Two years of watching her son go through chemotherapy had left her with wrinkles along her worry lines. Her hair was all one length and split from years of not going to the salon so as to avoid germs. She looked like she had aged ten years, not two. It wasn't just her either, she saw it on the faces of her peers. The longer her son fought his cancer, the more parents she got to know. She would see their young beautiful faces from the times before diagnosis and then how much they would change after. She wondered if she would ever gain any beauty back. If she would ever recognize herself again.

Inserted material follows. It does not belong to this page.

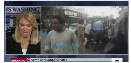
24/7 coverage of breaking news and live events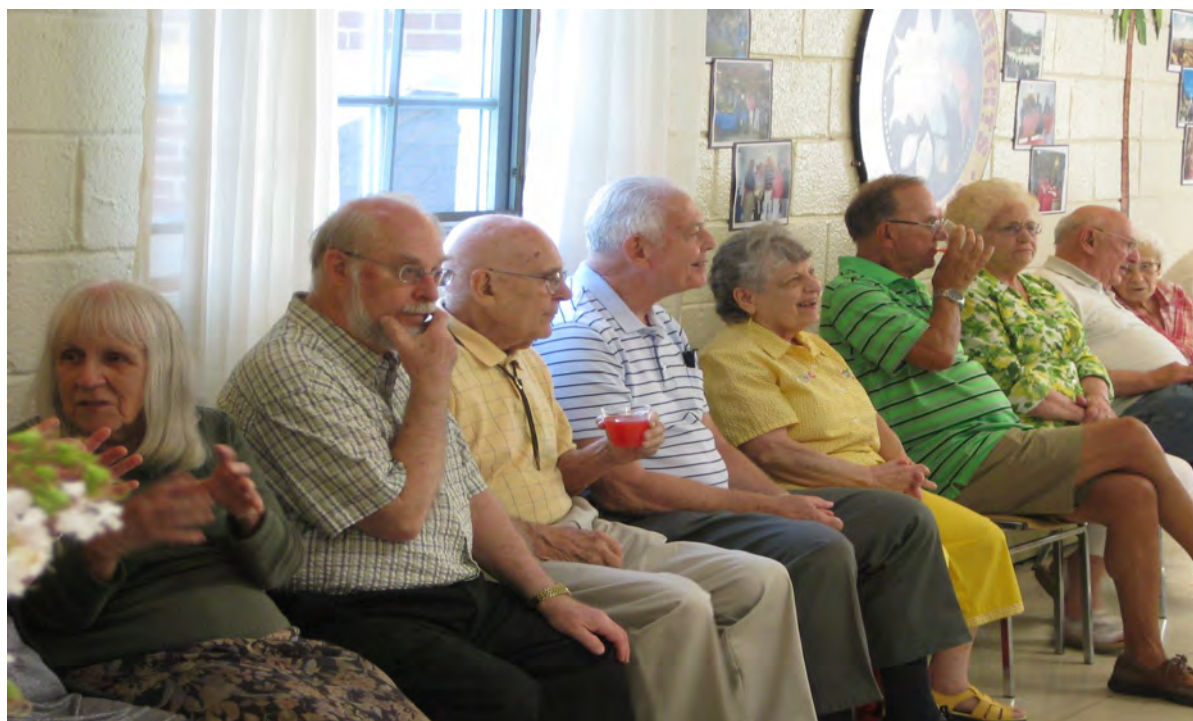
Seniors in Attendance at the Reception for Former Berwyn Heights Mayor Cheye Calvo July 10, 2015

Today was different though. She had been avoiding promotions, or really any kind of change. She wanted to do the bare minimum. Skirt through the edges of life with just enough motivation to keep living. But her son was doing better. Quarantines were being lifted and she could smell the scent of life on the air again. It was time to move forward. It was time to look ahead.

She opened the little black bag, her dry cracked fingers from too many days in those damned purple gloves doling out chemo pills searched among the wreckage of her make up supplies. Dotted amongst the old and decaying jars there were a few more recent containers, little whispers of hope that she had purchased over the past few years thinking she would use and never did. She lined them up like little a surgeon's tools on a tray and took a deep breath before opening her first one.

The brushes danced over her skin, painting a little kiss of color over those pale cheeks. They filled the worried lines and brightened her tired eyes. It felt as familiar as a long distance lover's embrace, slowly reminding her skin of the way it used to feel when they were together. As she finished working her canvas she stared back at herself. She was still in there, still waiting to live again. She was surprised to recognize that old face, even if it was only for the brief half hour that her job interview would take her.

She turned the lids of the jars closed, tucked away the soft brushes and closed the zipper on the bag with less trepidation than she had when she had first opened it. Perhaps she wouldn't bury it at the bottom of the cupboard where she had found it. Perhaps tomorrow she would clean the sink, lay out her case and start again. Perhaps there was hope.